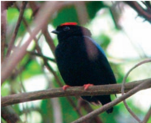
Figure 4. Adult male Blue-backed Manakin Chiroxiphia pareola , Serra dos Caiabis, July 2006 (A. C. Lees)
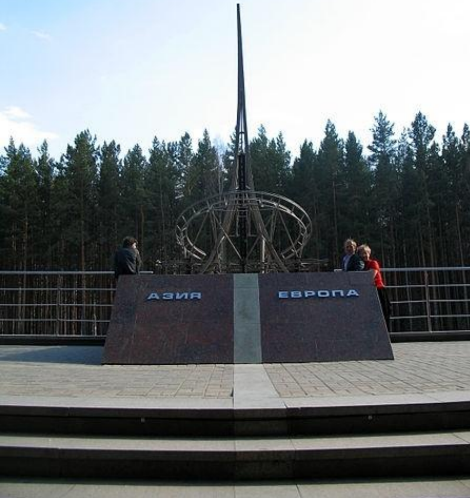
THE BORDER BETWEEN EUROPE AND ASIA

MONUMENT TO EKATERINBURG FOUNDERS V. TATISHCHEV AND G. WILHELM DE GENNIN
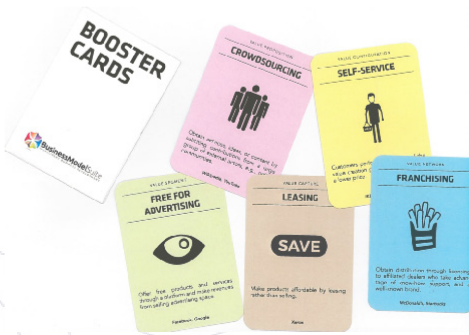
Figure 1: Examples of booster cards.

The cards are based on 71 different BM configurations identified in the work by Taran et al. (2016). Each card in the deck represents a specific configuration and contains a short description of the configuration and real-life example to strengthen the analogy further. The description might give room to gain context-free ideas, but if the students are having issues with generating ideas or understanding the concept, the real-life examples often spur them in the right direction. An example can be found in Figure 1, where the configuration 'Free for advertising' provides both a short explanatory text of the general concept and empirical references (in this case of Facebook and Google).

**TASK REQUIREMENTS**
Pictures excluded, copy exactly the lines running from the one with "THE BORDER BETWEEN EUROPE AND ASIA" through the last line of the material.

**TASK ANSWER**
THE BORDER BETWEEN EUROPE AND ASIA

MONUMENT TO EKATERINBURG FOUNDERS V. TATISHCHEV AND G. WILHELM DE GENNIN
Figure 1: Examples of booster cards.

The cards are based on 71 different BM configurations identified in the work by Taran et al. (2016). Each card in the deck represents a specific configuration and contains a short description of the configuration and real-life example to strengthen the analogy further. The description might give room to gain context-free ideas, but if the students are having issues with generating ideas or understanding the concept, the real-life examples often spur them in the right direction. An example can be found in Figure 1, where the configuration 'Free for advertising' provides both a short explanatory text of the general concept and empirical references (in this case of Facebook and Google).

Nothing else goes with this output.